▶ **TASK DIRECTIONS**:
Should a picture appear anywhere in the data, omit it and copy everything else exactly.

▶ **DATA BLOCK**:

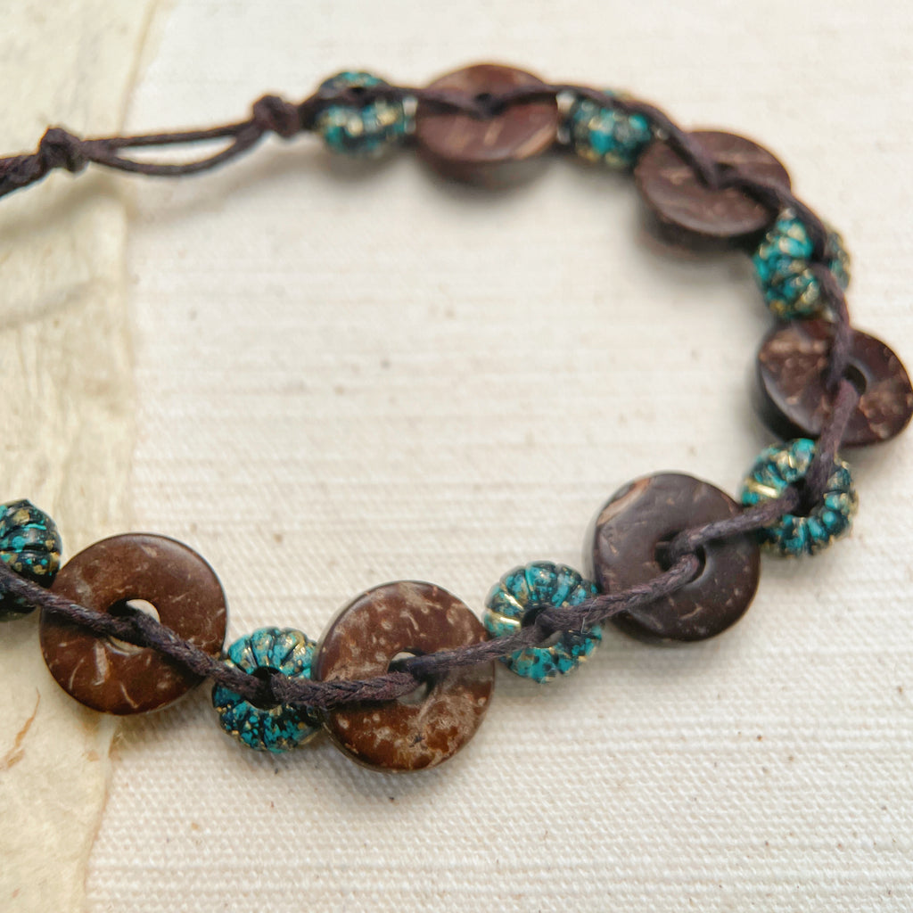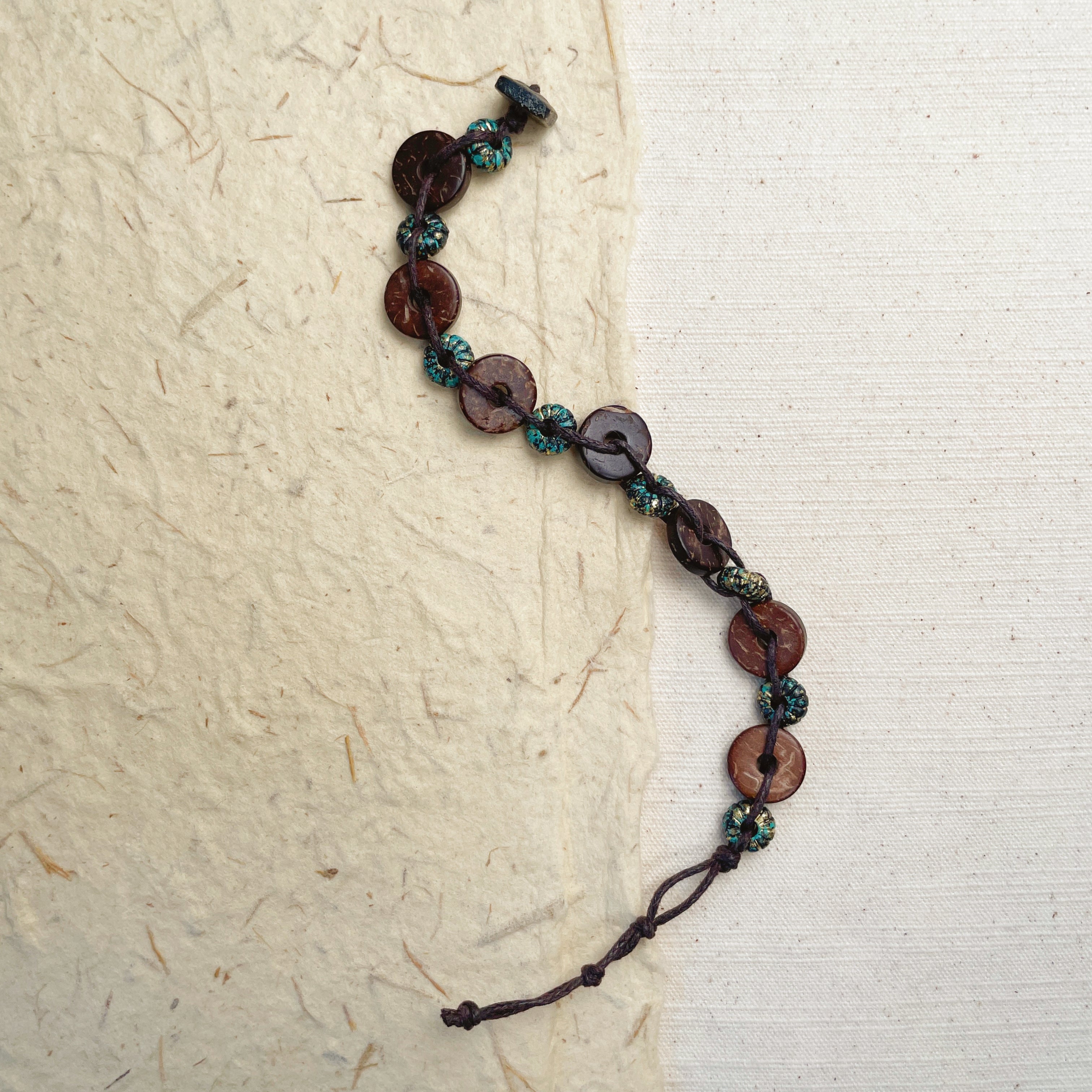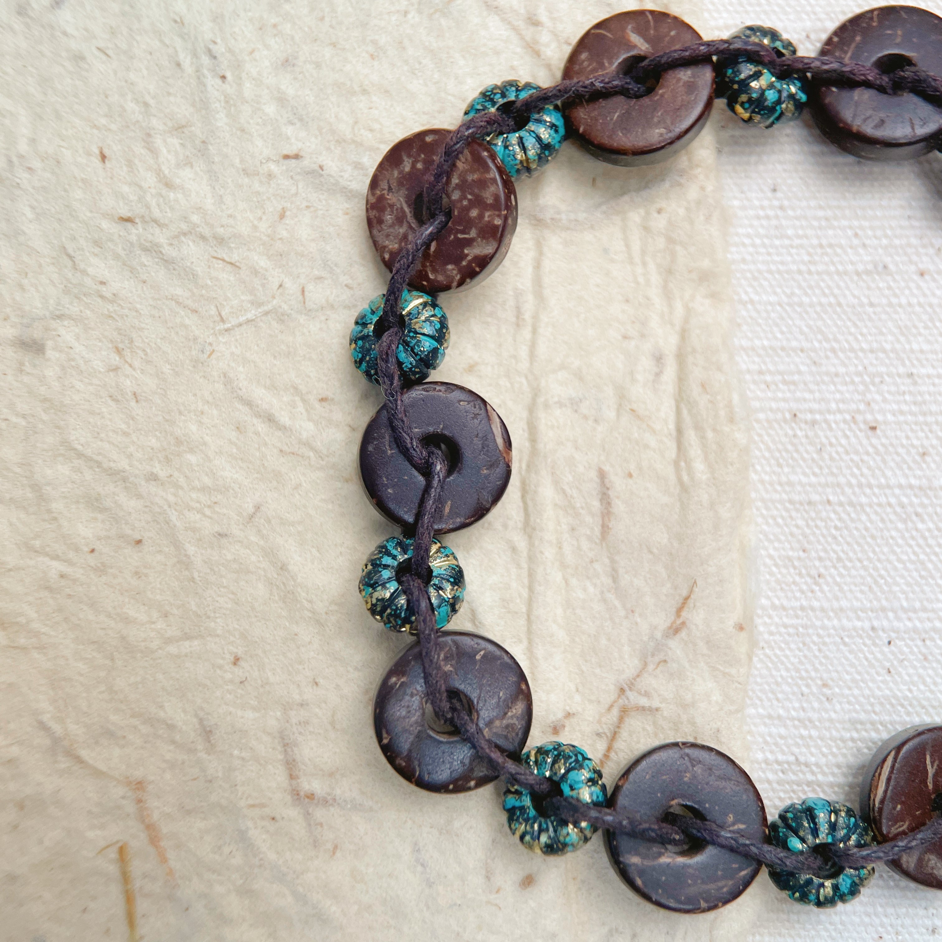 Handmade Coconut Shell Bead Bracelet – Natural Boho Eco Design
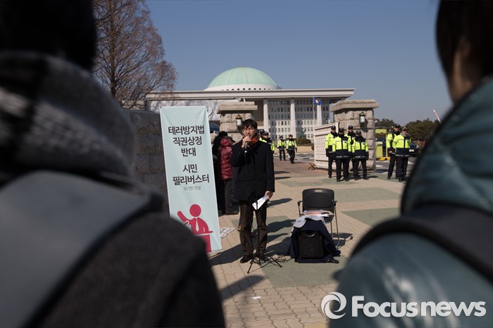 (서울=포커스뉴스) 24일 오후 서울 여의도 국회 정문 앞에서 테러방지법 처리를 반대하는 시민이 필리버스터에 참여해 연설을 하고 있다.
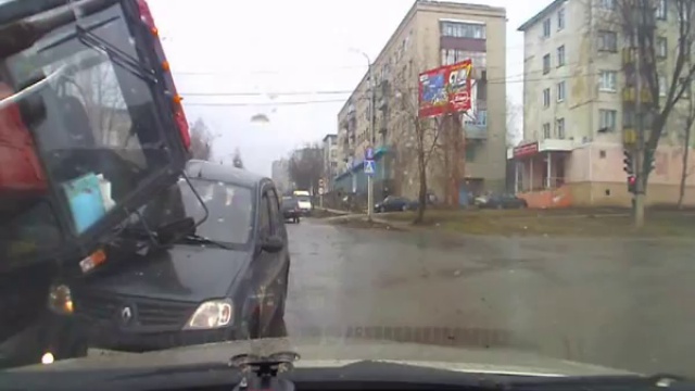 Трактор прижал Dacia Logan на перекрестке…

▶ **RESULT**:
 Handmade Coconut Shell Bead Bracelet – Natural Boho Eco Design
 (서울=포커스뉴스) 24일 오후 서울 여의도 국회 정문 앞에서 테러방지법 처리를 반대하는 시민이 필리버스터에 참여해 연설을 하고 있다.
 Трактор прижал Dacia Logan на перекрестке…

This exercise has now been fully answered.